1

There are N distinct numbers which are given not in sorted order. How much time it will take to select a number say which is neither k-th minimum nor k-th maximum?

I tried like this =>

Take initial k + 1 numbers and sort them in O(k log k). Then pick up kth number in that sorted list, that will be neither the kth minimum nor kth maximum .

Hence, time complexity = O(K log k)

Example =>

Select a number which is neither the 2nd minimum nor 2nd maximum.

array[] = {3,9,1,2,6,5,7,8,4}

Take initial 3 numbers or subarray = 3,9,1 and sorted subarray will be = 1,3,9

Now pick up 2nd element 3. Now, 3 is not the 2nd minimum nor 2nd maximum .

Now, time complexity = O(k lg k) = O(2 lg 2) = O(1).

Garrick
  • 677
  • 4
  • 15
  • 34
  • 1
    Your algorithm is wrong -- for example [3, 1, 2] and k=1. Your algorithm selects "3", but it's the maximum.
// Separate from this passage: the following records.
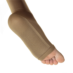Kompressionsstrumpan har en mjuk resår upptill, som sitter mjukt mot benet utan att sitta åt.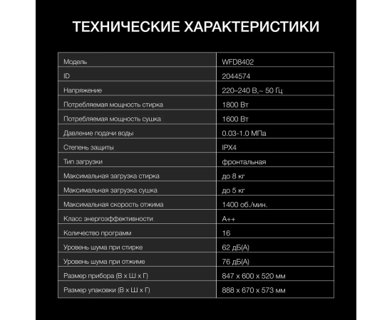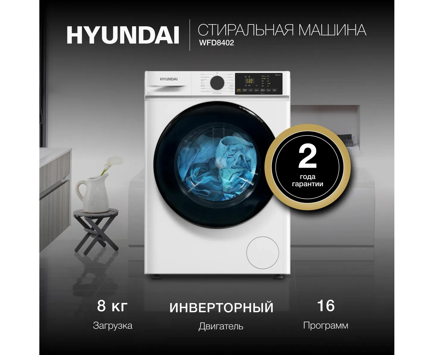 Стиральная машина Hyundai WFD8402 белый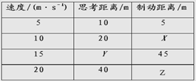 汽车给人类生活带来极大便利,但随着车辆的增多,交通事故也相应增加,重视交通安全问题,关系到千百万人的生命安全与家庭幸福,为了安全,在行驶途中,车与车之间必须保持一定的距离,因为,从驾驶员看见某一情况到采取制动动作的时间里,汽车仍然要通过一段距离(称为思考距离),而从采取制动动作到车完全静止的时间里,汽车又要通过一段距离(称为制动距离),下表给出了驾驶员驾驶的汽车在不同速度下的思考距离和制动距离等部分数据,某同学分析这些数据,算出了表格中未给出的数据X、Y,Z,该同学计算正确的是( )![]()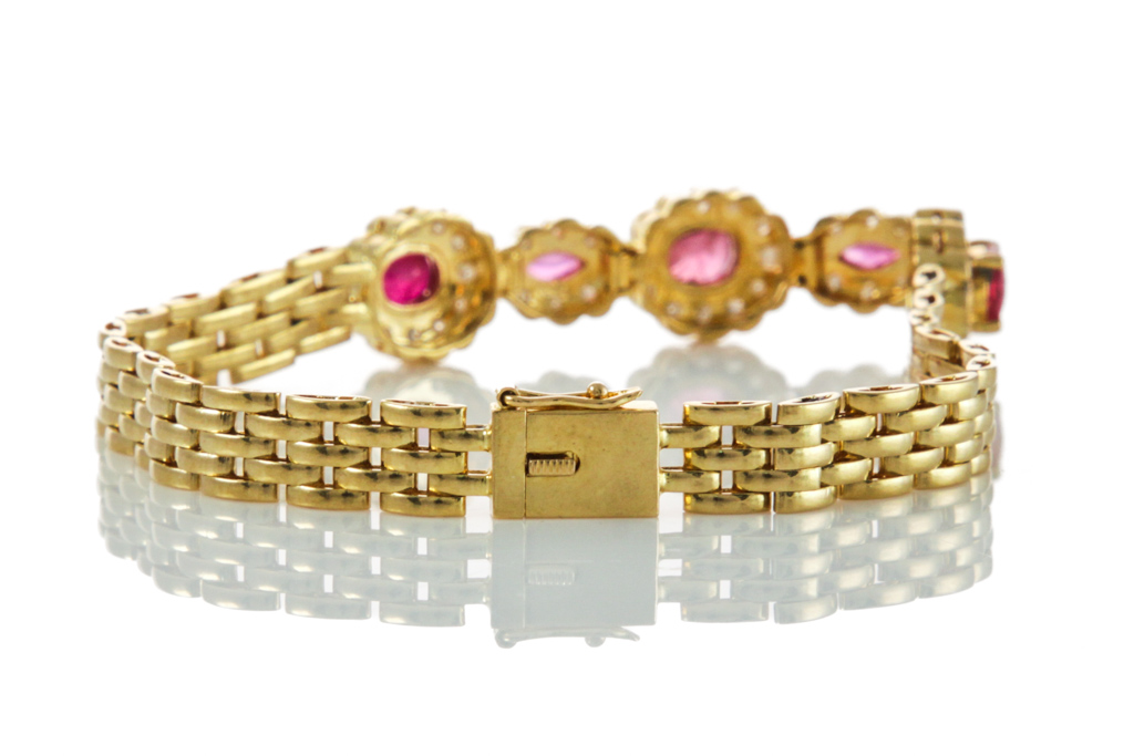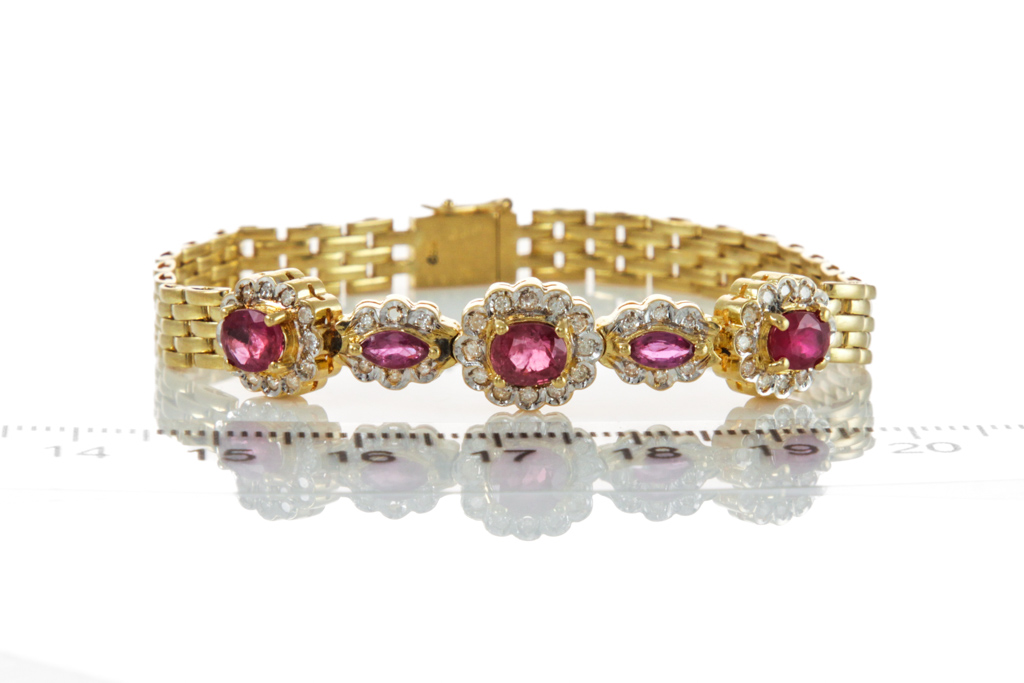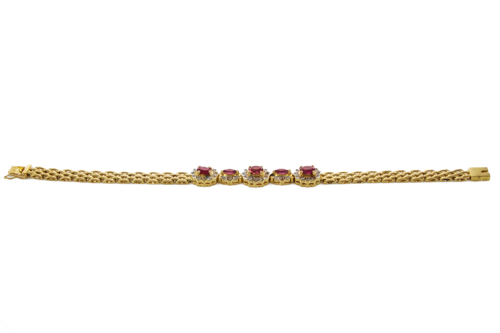 Ruby and Diamond bracelet with marquise cut and oval shape Rubies totalling 1.92cts and round Diamonds totalling 0.39cts (Estimated grading: I-K P1). 18ct yellow gold. Length: 17.0cm. Weight: 15.1g. (Pre-owned)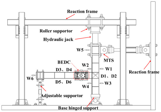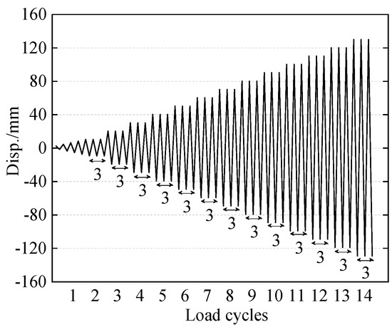 Figure 3 exhibits the test set-up for the BCJ-BEDC, from which it was seen that a hinged support was adopted at the column base, while an adjustable roller support was set at the beam end. The column was connected to a hydraulic jack at the column top, which was used to apply the vertical load, and the axial compression ratio was set as 0.3. The lateral cyclic load was applied by a 500 kN MTS system at the upper column. A preload test was conducted first to check whether all instruments worked normally. Figure 4 shows the loading protocol, which was determined according to AISC seismic provisions [31]. At the initial loading stage, each displacement level was repeated, and then each displacement load level was repeated 3 times. When the bearing capacity decreased to less than 85% of the peak load due to serious damage or the target drift was approached, the test was stopped.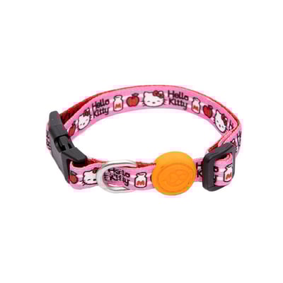 Atualmente, a coleira está disponível na exclusiva combinação de vermelho e estampado da Hello Kitty, oferecendo um visual único e encantador.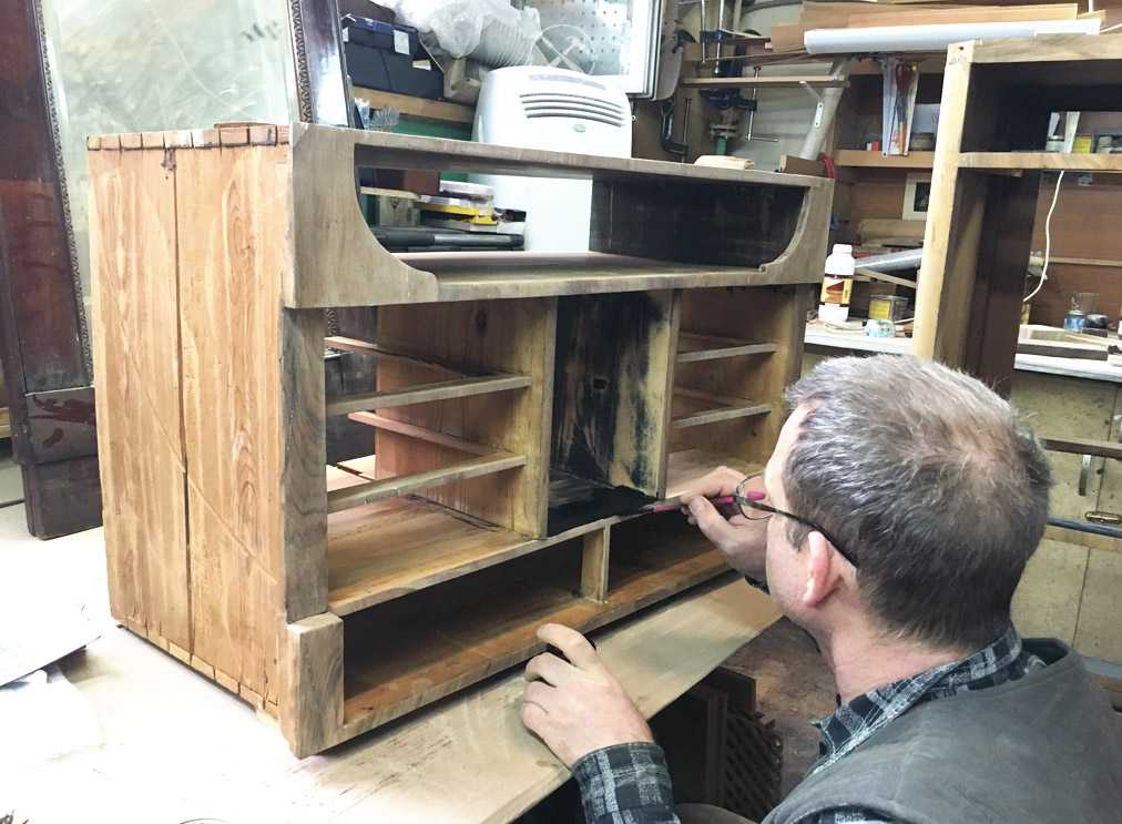 Перед началом реставрации мебель осматривается, снимается вся фурнитура.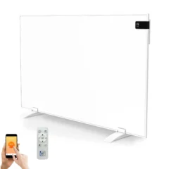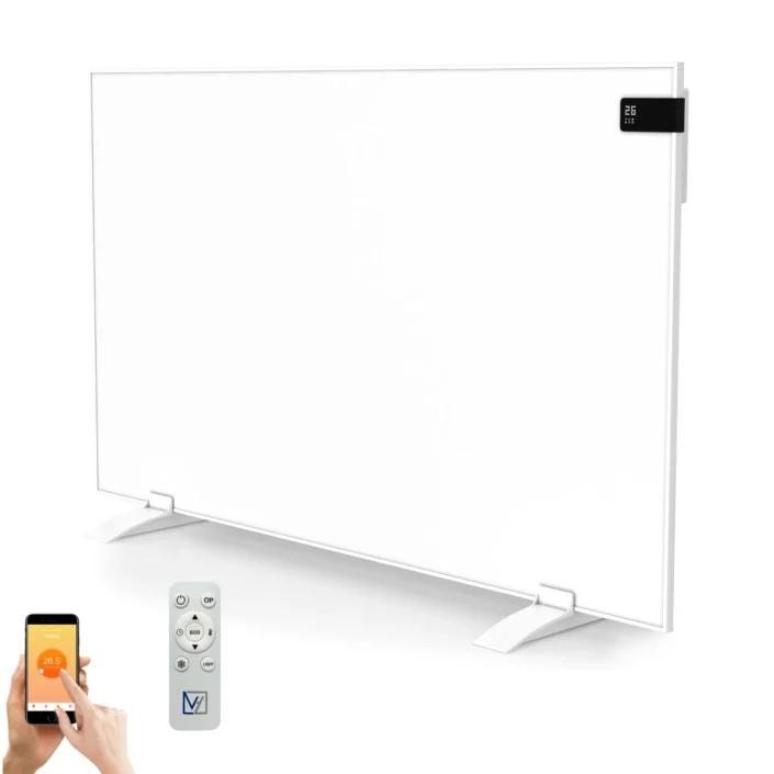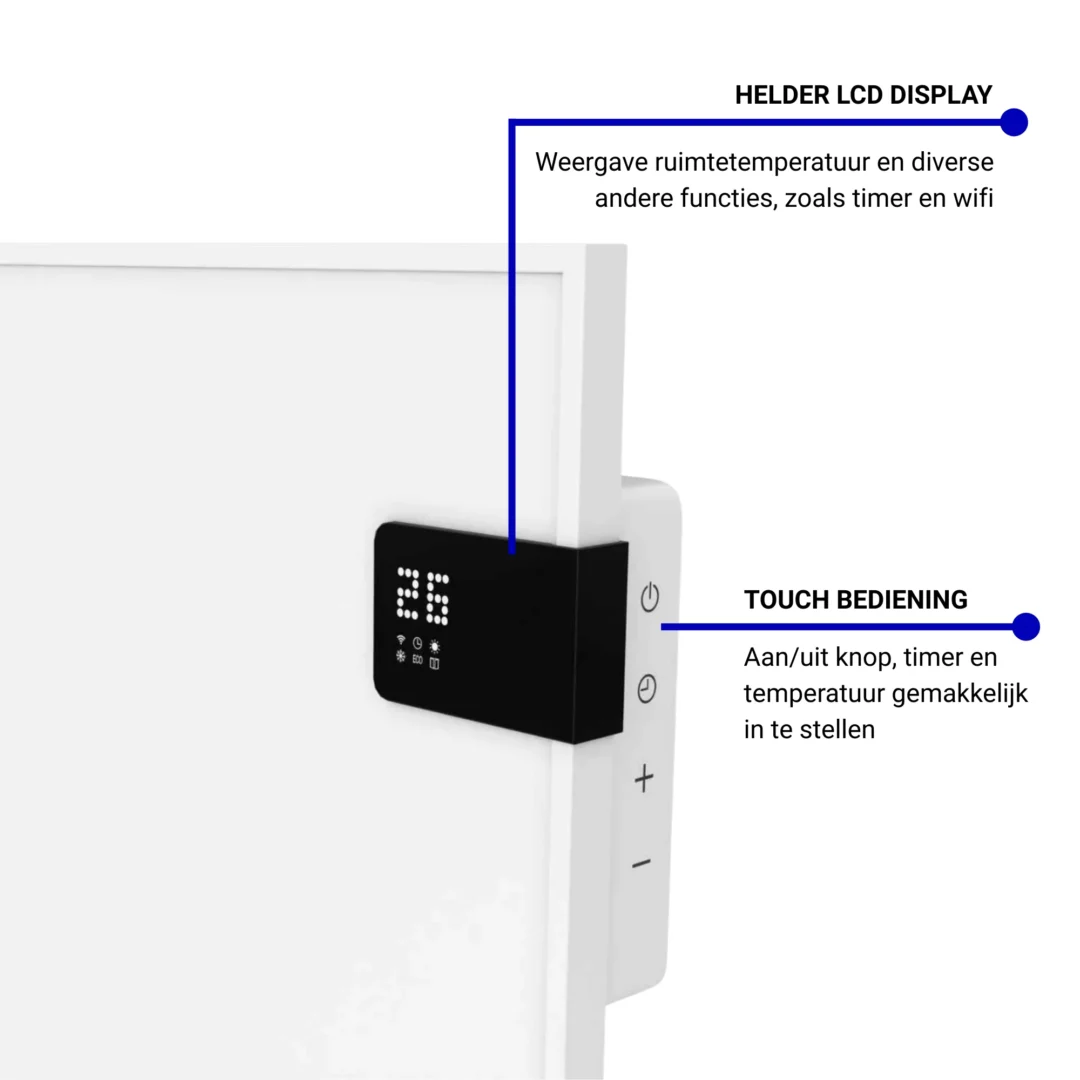 Dankzij de geïntegreerde thermostaat met wifi is dit paneel een echte Plug & Heat-oplossing. De thermostaat is te bedienen via de knoppen aan de zijkant van het paneel en beschikt aan de voorzijde over een zwart LCD-scherm waarop de temperatuur en functies duidelijk worden weergegeven. Via de wifi-verbinding kan het paneel ook op afstand worden bediend met de gratis Tuya Smart Life-app. Voor extra gebruiksgemak wordt standaard een afstandsbediening meegeleverd.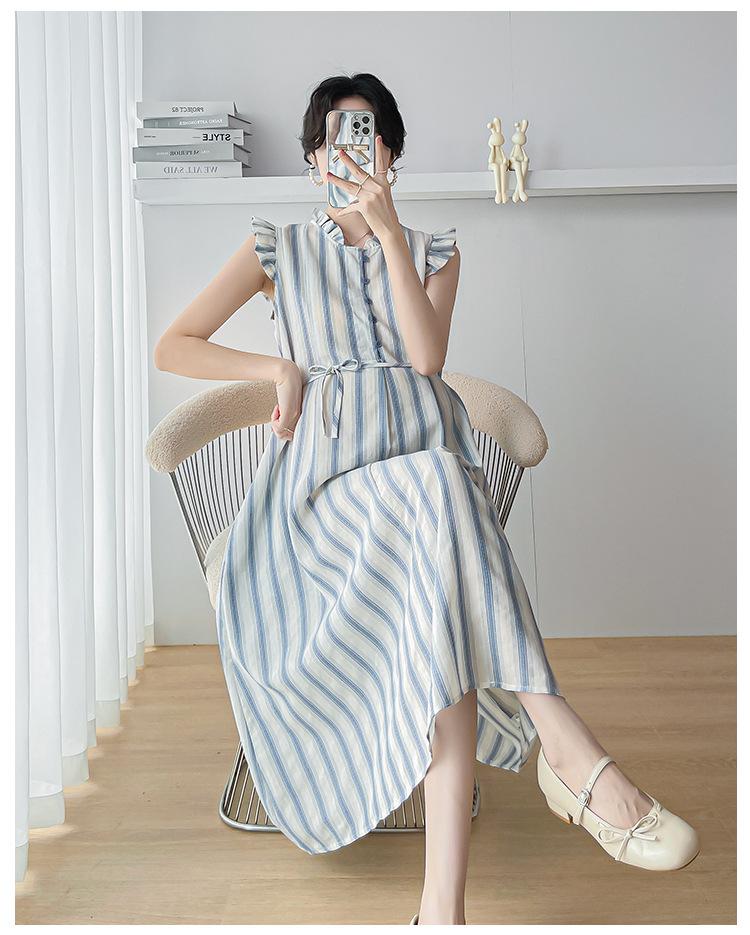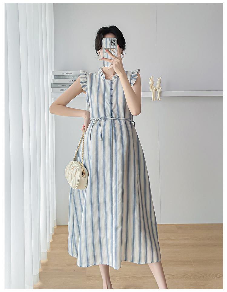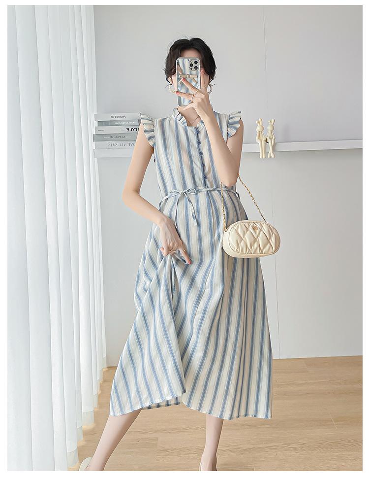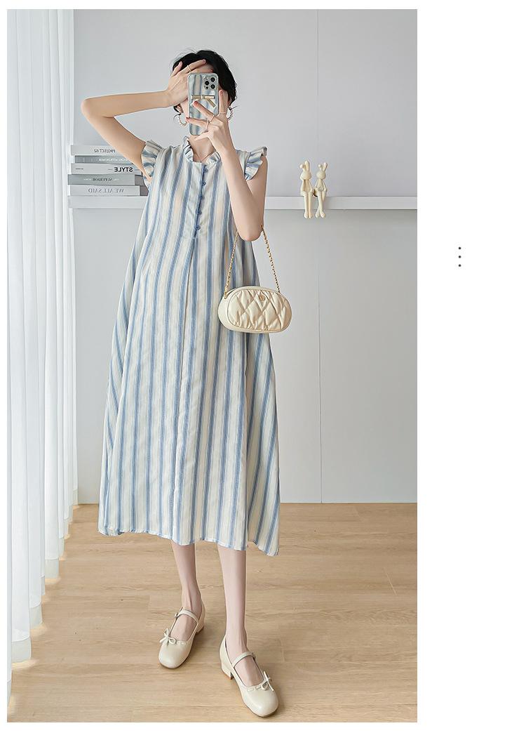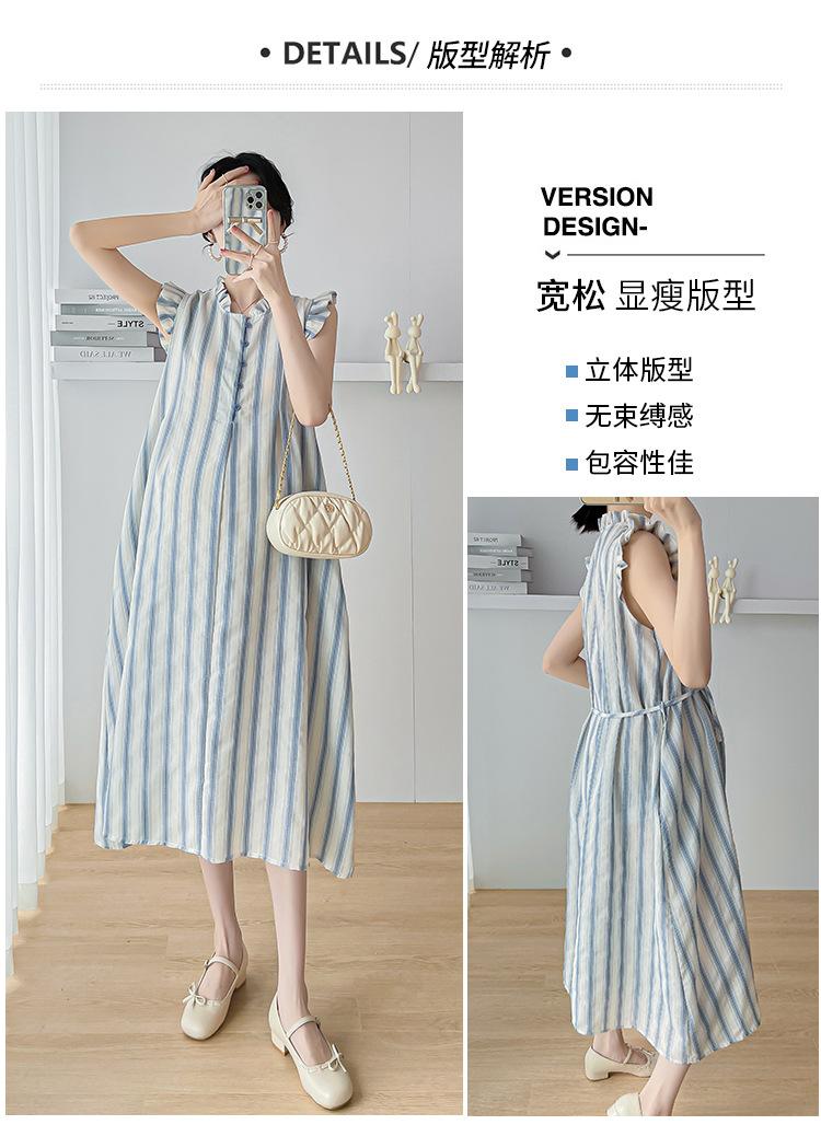 Ropa de maternidad 2024 Verano nuevo pequeño fresco azul a rayas manga corta con volantes pequeño vestido de lactancia para mujeres embarazadas ropa de lactancia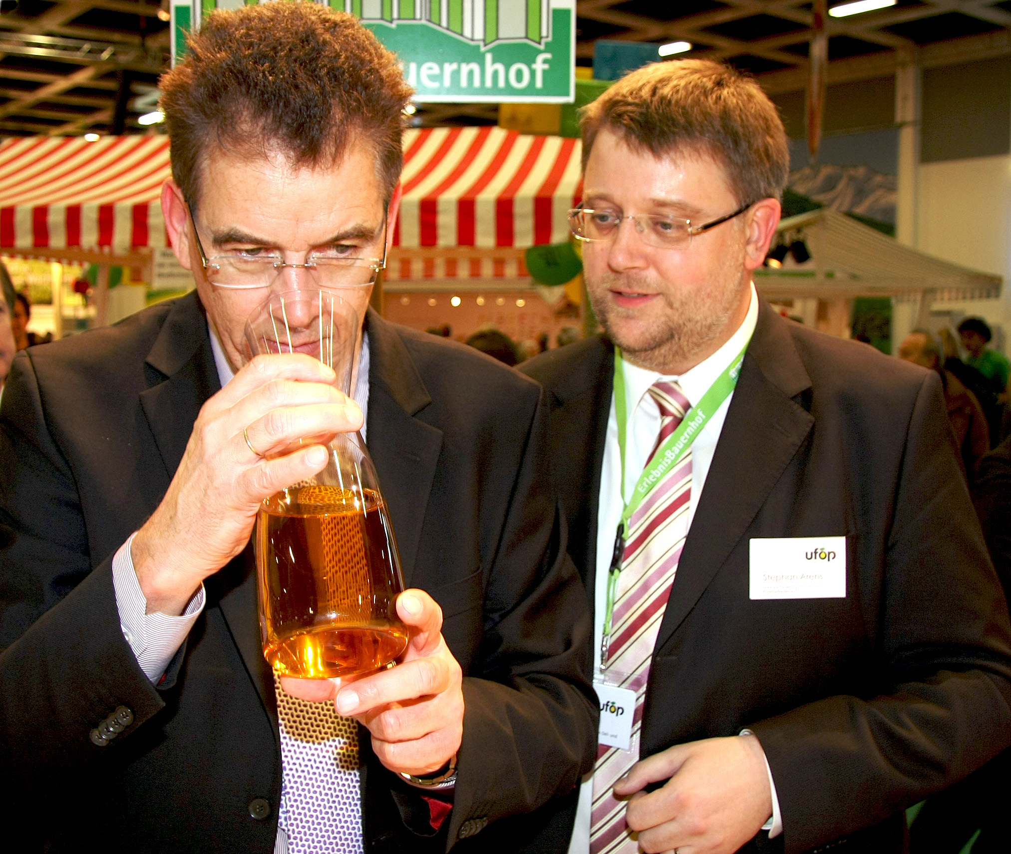 Der Parlamentarische Staatssekretär im BMELV, Dr. Gerd Müller, zusammen mit Stephan Arens, dem Geschäftsführer der Union zur Förderung von Oel- und Proteinpflanzen e. V. (UFOP) beim Rapsöl-Test auf dem UFOP-Messestand im Rahmen der Internationalen Grünen Woche 2012.

You're almost there though -- I provide a correct version in my answer, which also reduces the runtime to linear. – Paul Hankin Sep 05 '16 at 12:40
  • Thanks, i got my big mistake – Garrick Sep 05 '16 at 12:42
  • Possible duplicate of [How to find the kth largest element in an unsorted array of length n in O(n)?](http://stackoverflow.com/questions/251781/how-to-find-the-kth-largest-element-in-an-unsorted-array-of-length-n-in-on) – Saeid Sep 05 '16 at 12:55
  • 2
    You can't simply replace variables with numbers in `big O` notation. – Saeid Sep 05 '16 at 12:57
  • 2
    @sudomakeinstall2 I don't see how it's a dupe of that question. A solution involves using the linked question as a subroutine, but the overall problem is not the same at all. – Paul Hankin Sep 05 '16 at 12:58
  • @Paul, Will the complexity be same, even if 2k + 1 > N. – Garrick Sep 05 '16 at 15:24

3 Answers3

7

The problem is trivial if N < k. Otherwise there's no k'th largest or smallest element in the array -- so one can pick any element (for example the first) in O(1) time.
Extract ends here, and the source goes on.